We arrived in Nauvoo a week ago today.  We're pretty well settled in.  It is spring here today.  It is 10 a.m. and 55 degrees.  I have the back door open and there are so many birds singing in the backyard. I just heard one I didn't recognize and got up to look.  It was a bluejay; not the kind we have at home but the one you see in pictures; really blue with a peak (comb?) on the top of his head.  I've learned to recognize the cardinals song and we see them everyday now.  The squirrels are running all over too.  Things are waking up.  I put a bird feeder outside our window and a chickadee came to it this morning.  I told President Kirkham I would like to serve a couple of days a week with NRI (Nauvoo Restoration Inc.) weeding, and planting.  He said they are going to need people to do that soon. 

The corn bugs are thriving, especially in the upper floor of our home.  I kill at least twenty every day.  I don't know if its just the time of year or if we will always have them, or even where they're coming from.  They're easy to catch but I'm sick of them. 
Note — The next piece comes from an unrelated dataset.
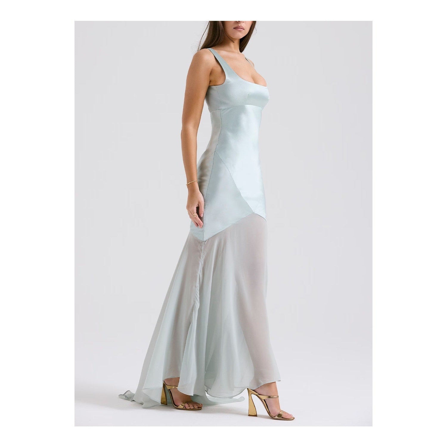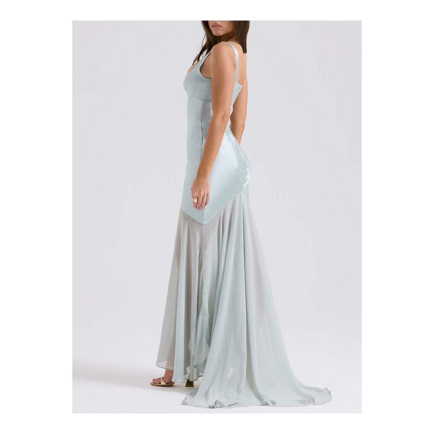 'Vittoria' has sculptural seams that flatter and gently skim your figure. The skirt is constructed from a beautiful chiffon for a floaty finish that turns to reveal a dramatic sweeping train, flowing elegantly behind you as you walk. Elevate this high-octane look with delicate heels and statement jewellery.
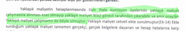 “Yaklaşık maliyetin hesaplanmasında tüm ihale komisyon üyelerinin yaklaşık maliyet çalışmasına alınması esas olmayıp yaklaşık maliyet 3 görevli tarafından çıkarılabilir ve amir onaylar. Yaklaşık maliyet çalışmamız da böyle olmuştur.”

Poppa is serving in the blacksmith shop today and I am going to the cultural hall.  I served in the Brigham Young Home two days this week.  I am so impressed by the faith that these people had to follow the prophet and leave their homes here to head West.  There's a line in Rendezvous (the nightly program in the Cultural Hall) that says "The Lord has provided for our rescue.  Our safety lies in the Rocky Mountains".  Joseph Smith and Brigham Young knew through revelation where to take the people so they would be safe from the mobs.  We have a living prophet today who guides us through revelation and we can be safe from the confusing and sometimes dangerous influences around us if we follow his direction.  What a blessing that is for us.  Love you all.  Be good.  We miss you.  Grandma Jann

1 comment:

  1. I can tell you are already starting to find yourself intoxicated by the midwestern beauty -- I can still hear the liquid, curling calls of the cardinals that sat outside our doors when we lived in Iowa.